Sementara itu, Ketua Kelompok KKN-T Uniska Kediri Desa Balerejo, Muhamad Taufiq Rozaqi, berharap inovasi yang diperkenalkan dapat memberikan manfaat bagi masyarakat dan dikembangkan menjadi kegiatan produktif.
“Kami akan sangat senang jika inovasi ini dapat bermanfaat bagi Desa Balerejo. Terutama karena kulit kopi masih belum dimanfaatkan secara maksimal, sehingga dapat menjadi salah satu peluang usaha rumahan bagi warga Desa Balerejo,” ungkapnya.

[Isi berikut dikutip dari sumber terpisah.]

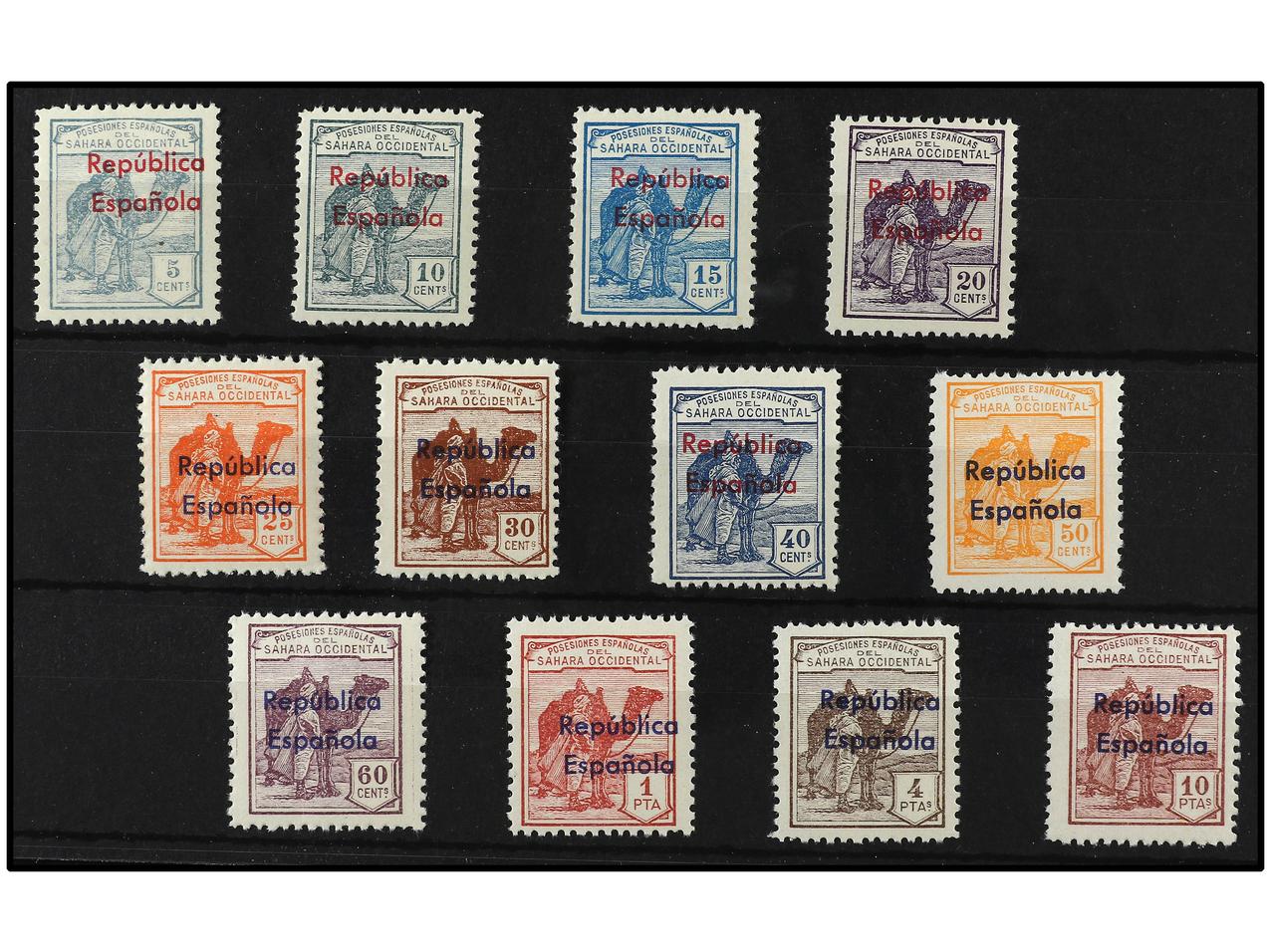 COLONIAS ESPAÑOLAS: SAHARA. SERIE COMPLETA, 12 valores. Habilitación horizontal. Ed.36B/47B. Cat. 555€. (Image1) (Image2)

Program pelatihan briket kulit kopi ini diharapkan tidak berhenti sebagai kegiatan edukatif, tetapi dapat dikembangkan menjadi salah satu unit usaha rumahan yang dikelola secara mandiri oleh ibu-ibu KWT dan PKK Desa Balerejo.
Baca Juga : HUT ke-81 Kemerdekaan RI, UNISKA Kediri Teguhkan Peran Perguruan Tinggi untuk Kemajuan Indonesia
Hal tersebut sejalan dengan semangat program “Hilirisasi dan Sigap Pangan” yang mendorong optimalisasi potensi lokal dan pemanfaatan limbah pertanian menjadi produk bernilai guna dan bernilai ekonomi.
Melalui kegiatan tersebut, mahasiswa KKN-T Uniska Kediri turut menunjukkan komitmennya dalam melaksanakan Tri Dharma Perguruan Tinggi, khususnya melalui pengabdian kepada masyarakat. Inovasi pengolahan limbah kulit kopi menjadi briket diharapkan dapat menjadi langkah awal dalam mendorong pemanfaatan potensi lokal, membuka peluang usaha, serta mendukung penguatan ekonomi rumah tangga masyarakat Desa Balerejo.